▶ _WHAT TO PRODUCE_:
Set the material down again exactly, line by line, skipping each picture.
────
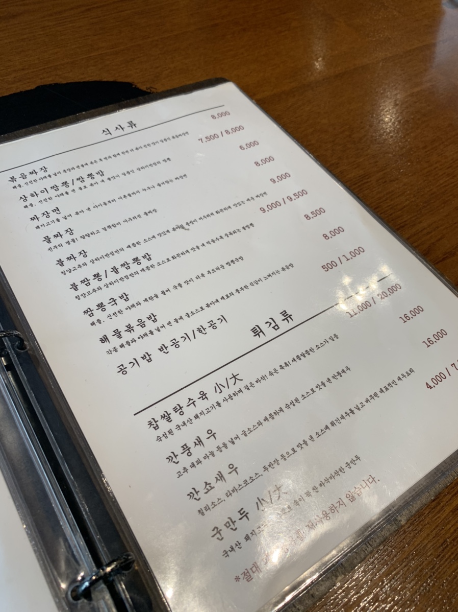 짬뽕이 7,500원으로 공깃밥이 안 나왔으면 비싼 느낌이 들었을 덴데, 공깃밥 포함해 7,500원으로 무난한 가격대입니다. 맛도 기본은 하는 중식당이네요. 다른 테이블의 볶음 짜장면이 맛있어 보이더군요. 다음 방문 시에는 볶음 짜장을 주문해야겠네요.
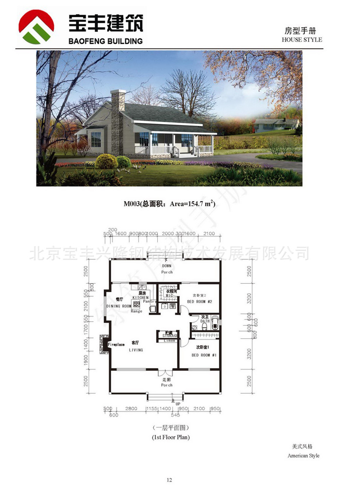 北京正奥宝丰建筑科技发展有限公司是北京宝丰集团下属的分公 司,宝丰集团公司成立于1998年,座落于风景秀美的北京市大兴区采育开发区,公司占地 100亩,厂房面积35000平方米,是一家集设计、制造、安装为一体的大型钢结构房屋制造集 团公司,也是最早从事建筑钢结构及配套维护材料的生产企业之一。公司是中国建筑金属结构 协会会员单位,中国钢结构协会会员单位、国际ISO9001、ISO14000认证企业,集团公司下 设:北京宝丰兴隆钢结构技术发展有限公司、北京宝丰园钢结构工程有限公司、北京宝丰兴隆 国际贸易有限公司、北京宝丰压型板厂等。
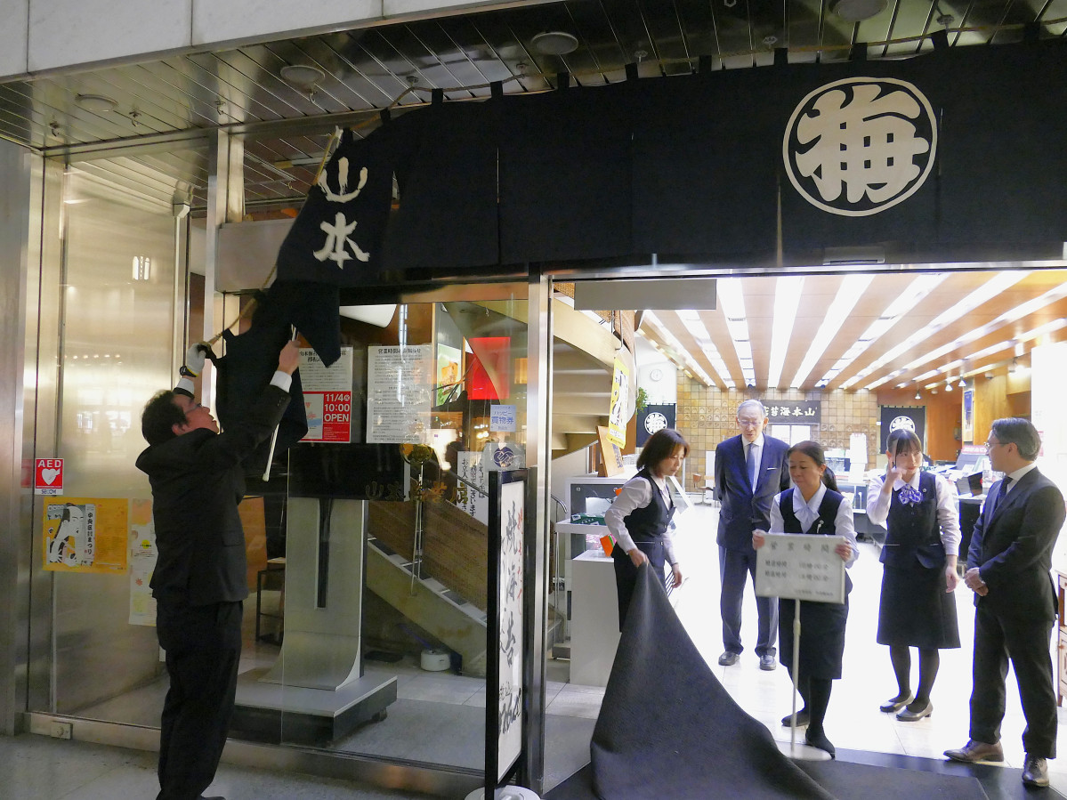 今年創業176年を迎える「山本海苔店」(中央区日本橋室町1)が11月4日、再開発に伴い本店店舗を閉鎖し、新本店を旧店舗近くにオープンした。
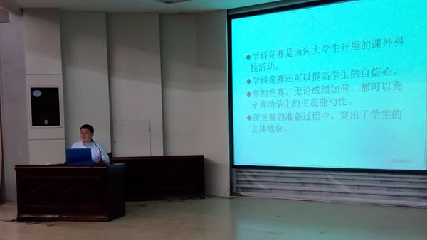 接着,计算机与信息学院基础教学部副主任张义以《学科竞赛与实践能力培养》为题,向同学们详细介绍了学院近年来组织学生参加专业学科竞赛的基本情况,并播放了一段极为精彩的比赛视频,充分展示了学院在此项工作上取得的成绩以及参赛同学的聪明才智和个性风采,极大地鼓舞了新生的学习热情。
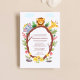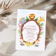 el diseño de la fachada muestra un marco de madera con muchos animales y hojas pegadas y una invitación escrita a la ducha de bebé en marrón en el medio. este diseño es muy bonito y perfecto para la ducha de bebé.
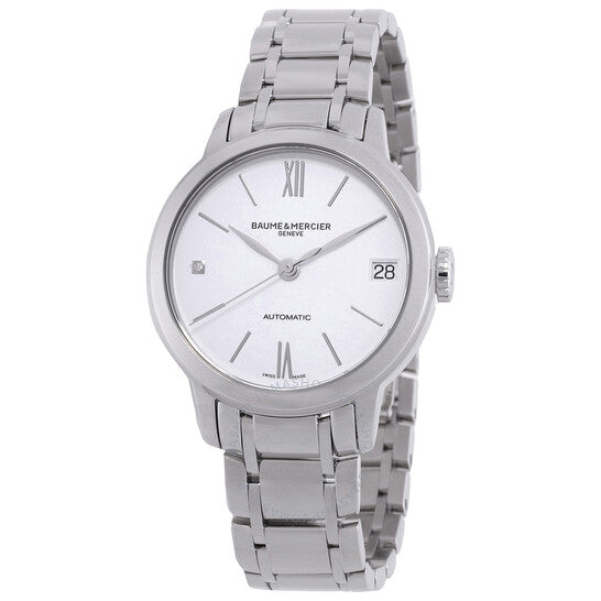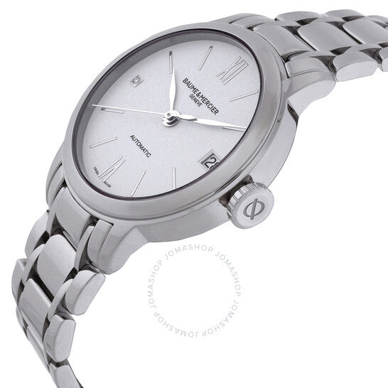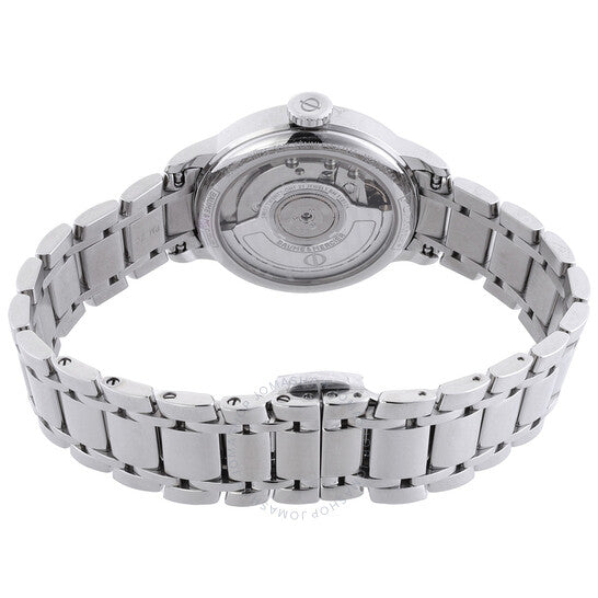 علبة وسوار من الفولاذ المقاوم للصدأ فضي اللون. إطار ثابت فضي اللون. ميناء فضي اللون مع عقارب فضية اللون وأرقام رومانية وعلامات ساعات. نوع الميناء: تناظري. عرض التاريخ عند موضع الساعة 3. حركة أوتوماتيكية باحتياطي طاقة لمدة 42 ساعة. زجاج ياقوت مقاوم للخدش. تاج لولبي. غطاء خلفي شفاف. شكل العلبة دائري، مقاسها: 31 مم، سمكها: 8.20 مم. مشبك قابل للطي. مقاومة للماء حتى عمق 50 مترًا / 165 قدمًا. الوظائف: التاريخ، الساعة، الدقيقة، الثانية. سلسلة كلاسيما. اسم الساعة: صناعة سويسرية. ساعة بوم إيه ميرسييه كلاسيما أوتوماتيكية نسائية بمينا فضي، طراز M0A10312.
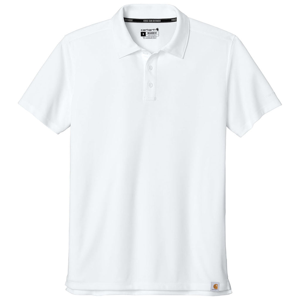 Carhartt Men's White Force Sun Defender Polo with a corporate logo combines rugged durability with sun protection technology. Crafted from lightweight, moisture-wicking fabric, it keeps you cool and comfortable during long hours outdoors. This polo is ideal for workers in the field or anyone needing reliable UV protection without sacrificing style and mobility.
────
▶ _RESPONSE AREA_:
 짬뽕이 7,500원으로 공깃밥이 안 나왔으면 비싼 느낌이 들었을 덴데, 공깃밥 포함해 7,500원으로 무난한 가격대입니다. 맛도 기본은 하는 중식당이네요. 다른 테이블의 볶음 짜장면이 맛있어 보이더군요. 다음 방문 시에는 볶음 짜장을 주문해야겠네요.
 北京正奥宝丰建筑科技发展有限公司是北京宝丰集团下属的分公 司,宝丰集团公司成立于1998年,座落于风景秀美的北京市大兴区采育开发区,公司占地 100亩,厂房面积35000平方米,是一家集设计、制造、安装为一体的大型钢结构房屋制造集 团公司,也是最早从事建筑钢结构及配套维护材料的生产企业之一。公司是中国建筑金属结构 协会会员单位,中国钢结构协会会员单位、国际ISO9001、ISO14000认证企业,集团公司下 设:北京宝丰兴隆钢结构技术发展有限公司、北京宝丰园钢结构工程有限公司、北京宝丰兴隆 国际贸易有限公司、北京宝丰压型板厂等。
 今年創業176年を迎える「山本海苔店」(中央区日本橋室町1)が11月4日、再開発に伴い本店店舗を閉鎖し、新本店を旧店舗近くにオープンした。
 接着,计算机与信息学院基础教学部副主任张义以《学科竞赛与实践能力培养》为题,向同学们详细介绍了学院近年来组织学生参加专业学科竞赛的基本情况,并播放了一段极为精彩的比赛视频,充分展示了学院在此项工作上取得的成绩以及参赛同学的聪明才智和个性风采,极大地鼓舞了新生的学习热情。
 el diseño de la fachada muestra un marco de madera con muchos animales y hojas pegadas y una invitación escrita a la ducha de bebé en marrón en el medio. este diseño es muy bonito y perfecto para la ducha de bebé.
 علبة وسوار من الفولاذ المقاوم للصدأ فضي اللون. إطار ثابت فضي اللون. ميناء فضي اللون مع عقارب فضية اللون وأرقام رومانية وعلامات ساعات. نوع الميناء: تناظري. عرض التاريخ عند موضع الساعة 3. حركة أوتوماتيكية باحتياطي طاقة لمدة 42 ساعة. زجاج ياقوت مقاوم للخدش. تاج لولبي. غطاء خلفي شفاف. شكل العلبة دائري، مقاسها: 31 مم، سمكها: 8.20 مم. مشبك قابل للطي. مقاومة للماء حتى عمق 50 مترًا / 165 قدمًا. الوظائف: التاريخ، الساعة، الدقيقة، الثانية. سلسلة كلاسيما. اسم الساعة: صناعة سويسرية. ساعة بوم إيه ميرسييه كلاسيما أوتوماتيكية نسائية بمينا فضي، طراز M0A10312.
 Carhartt Men's White Force Sun Defender Polo with a corporate logo combines rugged durability with sun protection technology. Crafted from lightweight, moisture-wicking fabric, it keeps you cool and comfortable during long hours outdoors. This polo is ideal for workers in the field or anyone needing reliable UV protection without sacrificing style and mobility.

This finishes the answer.